Sentinel event tracking reveals fall injury pattern
Sentinel event tracking reveals fall injury pattern
The elderly top the list
Since the Joint Commission Commission on Accreditation of Healthcare Organizations began tracking sentinel events four years ago, the accreditation committee of its Board of Commissioners has reviewed 22 cases related to fatal falls in 24-hour care settings.
Thirteen of the cases occurred in general hospitals, with one occurring in a psychiatric unit, according to a recent report from the Joint Commission. Six of the cases were in long-term care facilities; one took place in a psychiatric hospital, and two occurred in nonhospital behavioral health care organizations. Half of the deaths following the falls were the result of head trauma, usually with subdural hematoma. Falls determined to be acts of suicide were not included in this review of cases. However, in some of the occurrences, suicide or homicide could not be ruled out as a factor.

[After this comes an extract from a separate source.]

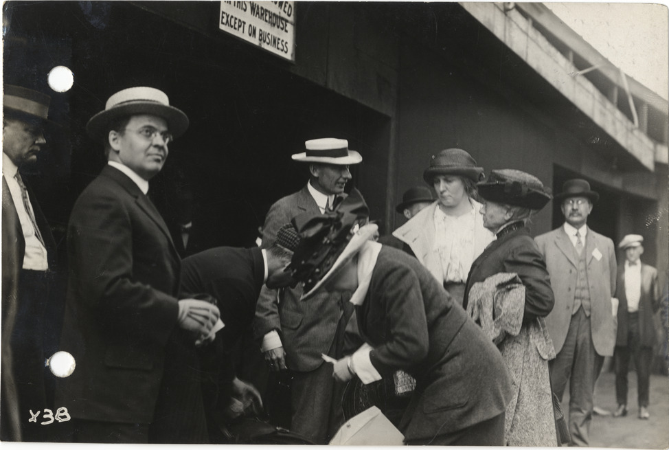 W.D. Rockwell with men and women on dock, 1913 S.A.E. summer meeting

Most of the patients and residents served were elderly; half were older than 80. One-third of all of the cases involved falling from a bed. Other falls occurred while walking, while in the bathroom, or while using a commode, gurney, or chair. One-third of the total falls were from what an expert called "extraordinary situations." Those included falling down a staircase or laundry chute or from an upper story window, roof, or balcony.
When they fell, seventeen of the 22 individuals had an altered mental status due to chronic mental illness or acute intoxication. History of prior falls, use of sedation, and anticoagulation were frequently associated risk factors. Other risk factors included a recent environmental change and urinary urgency. A disproportionate number of falls occurred on nights, weekends, and holidays.
For the 22 cases, the health care organizations identified root causes related to the care processes, caregivers, environment of care, and organizational culture. More than half of the organizations identified communication issues among caregivers as a root cause. Those included failure to communicate information during nursing report, shift changes or a transfer from a hospital to a nursing home, caregivers not documenting changes in conditions in the medical record, and families’ inadequate communication about conditions and history of falling.
Improve staff training
Forty-one percent of the organizations identified incomplete patient assessment and reassessment, an incomplete plan of care or lack of protocol, and environment-of-care issues such as the design of windows, door locks, and nursing stations. The other root causes included malfunction or misuse of equipment such as bed alarms, incomplete orientation of new staff, unavailable or delayed medical care, insufficient education of patients and residents served, inadequate staffing, reduced use of restraints without alternatives, and inadequate supervision of caregivers in training.
Organizations that experienced the falls identified risk reduction strategies to reduce the likelihood of reoccurrence of the events. Eighty-six percent suggested improving staff orientation and training. Other strategies recommended were to revise and implement a fall risk assessment process and to implement a formal fall prevention protocol.
How to reduce risk
The following additional risk reduction strategies were identified:
• installing bed alarms or redesigning bed alarm checks and tests;
• installing self-latching locks on utility rooms;
• restricting window openings;
• installing alarms on exits;
• adding fall prevention to education of patients and residents served and their families;
• improving and standardizing nurse call systems;
• using "low beds" for those at risk for falls;
• revising staffing procedures;
• counseling individual caregivers;
• revising the competency evaluation process.